Thanks to our high-fallootin’ academic standards, we’ll start by researching a little bit about the keyboard in question. The more adventurous among you can skip this step and dive straight into the fun part. From Yamaha’s site, we can see that this model sports “100 Advanced Wave Memory Voices”–that’s their hilarious marketing term for “100 Pre-written Sound Files”–making this what’s known as a “Wavetable Synthesizer”. Wavetable synthesis is a very easy and cheap way to create sounds because you can simply copy a bunch of sounds to the memory of the chip and then read through them sample-by-sample, changing the sampling rate to change the pitch (or having separate samples for each pitch value, depending how much memory you have to play with).

Further research reveals that we’re not the first to circuit-bend this particular keyboard. This example and also this one show some interesting possibilities, and by the end of this article we’ll have a better idea of what they’ve done. But enough talk, let’s crack this baby open!

Here we see the PSS-14 in its original state: operational, but missing the case screws (it was held together by duct tape when we found it). Perhaps a previous owner did some exploration of their own?

The preprogrammed songs cover all the major categories of music: Memories, Cool&Hot, Favourites, Fun Time. When we were younger we used to listen to Cool&Hot music all the time, but then it got mainstream so now we’re mostly into the underground Memories scene. You haven’t lived ’till you’ve heard the new remix of “Gallant Pig”.

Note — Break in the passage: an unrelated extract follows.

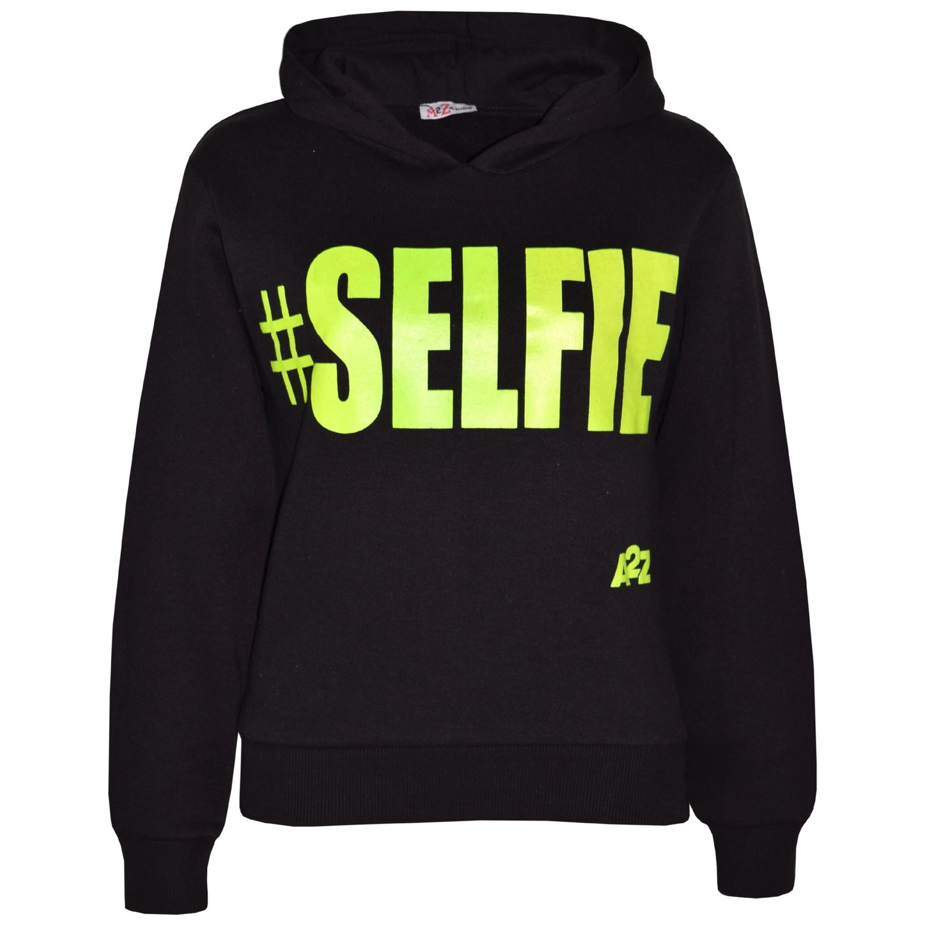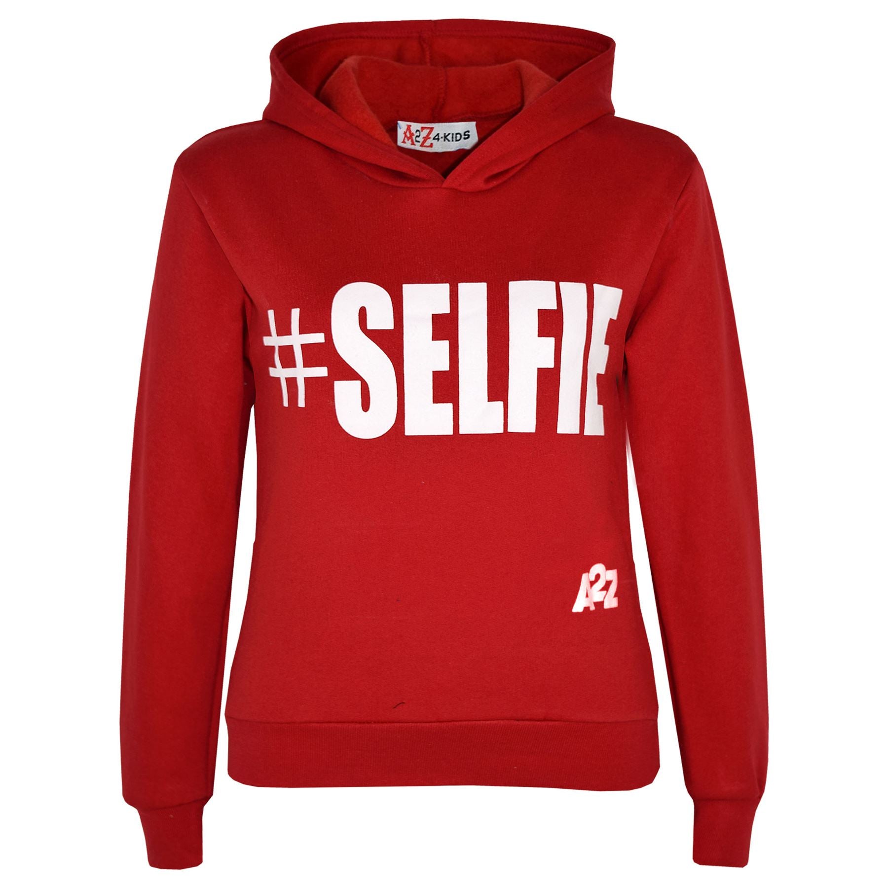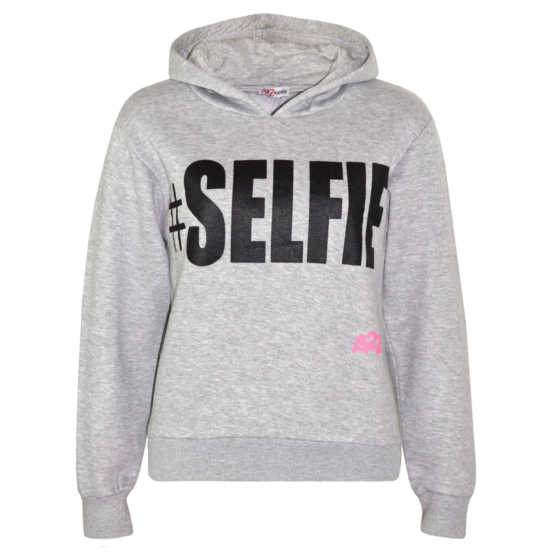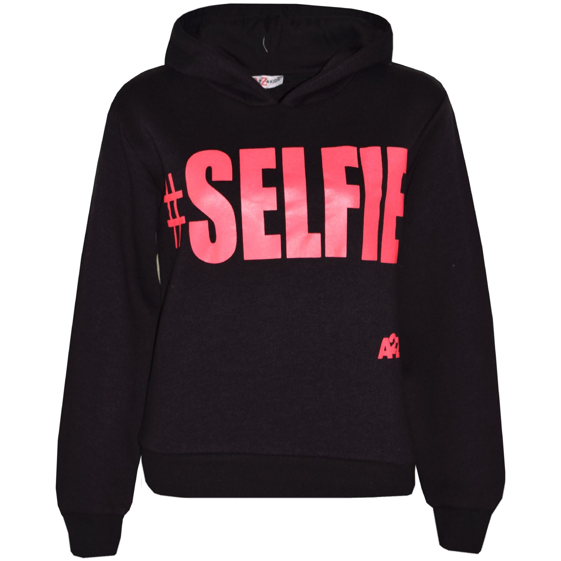 Kids Girls Boys Sweat Shirts Tops #Selfie Hooded Jumpers Hoodies New Age 2-13 Yr

There are twenty keyboard-controlled voices to choose from, most of which sound about the same. The volume controls seen here make a very loud “bongo” sound when you press them, no matter if the volume’s as low as possible.

Look Under the Hood

Clearly this thing could be better, so let’s open it up and see what we can improve about its operation.

The circuit board under the hood is pretty sparse, which is somewhat unsurprising seeing as it’s a wavetable synth and therefore most of the fun stuff is taken care of inside the microcontroller seen on the right. If you can find old electronic musical toys from before the digital era, you have access to a lot more of the nitty-gritty sound generation. Unfortunately those are much harder to find on the side of the road.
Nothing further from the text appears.